This B list television comic actor was at a party very recently. At the party he was overheard offering a female reality tv host increasing amounts of money to sleep with him that night. At one point the offer was $20K. She declined everytime and said she was faithful to her very talented celebrity significant other. (CDAN)
Shit, I would’ve done it for 20 chicken wings from Popeye’s! Okay, for 2 wings. My guess is Charlie Sheen, Heidi Klum and Seal? Charlie doesn’t care about a little thing called “baby in the womb.”
This D list movie and television actress with A+ list name recognition keeps auditioning for teenage and early 20’s acting roles. The problem she hasn’t realized yet is that all the meth she keeps consuming is making her look 40 and as a consequence hears one no after another for decent roles. Producers don’t want to tell her that though for fear of making her angry or upset which could be very bad for future business. (CDAN)
Bloooooooooooooohan? But could very well be Mischa Barton too.

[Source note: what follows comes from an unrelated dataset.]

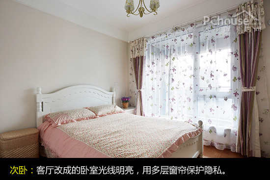④由客厅改造,面积够大,光线明亮。如果把公共空间改造成卧室,一定要注重私密性、舒适性,用窗帘等保护隐私、避免太强烈光照。

This young and pretty television actress is a pro on the set. Always on time. Always know her lines. But that may not last long. She has started drinking on a regular basis. It doesn’t take a party for her to pour a little something extra into her beverages. A shot in the afternoon coffee, some vodka in the water bottle. Girl, you’re not hiding it as well as you think. Please get help. (Blind Gosssip)
One the tricks from Gossip Girl? I’m going to guess Blake Lively or Little Jenny? And vodka with coffee is nast. Bitch, use some Bailey’s, whisky or a little rum. Don’t be sick!
Women aren’t the only ones who are occasionally in denial about their age. This West Coast actor in the forty-ish range is planning on playing a teenager in his next film. No, it’s not like one of those “Big” or “17 Again” scenarios, where the character knows he is one age but is pretending to be another. This actor really thinks he can still pass for a teenager. Those around him won’t tell him to his face that they think he will look like a fool trying to play a character twenty plus years younger, but they sure are talking about it behind his back. Dude, get a clue. (Blind Gossip)
Please let it be Tommy Girl! Please! And please it be for the title role in the remake of Teen Witch!
Which rap titan sweats so profusely during shows that even hard-core female fans won’t go near him until he changes? (Gatecrasher)
Diddy? It’s just his body self-moisturizing the sexy.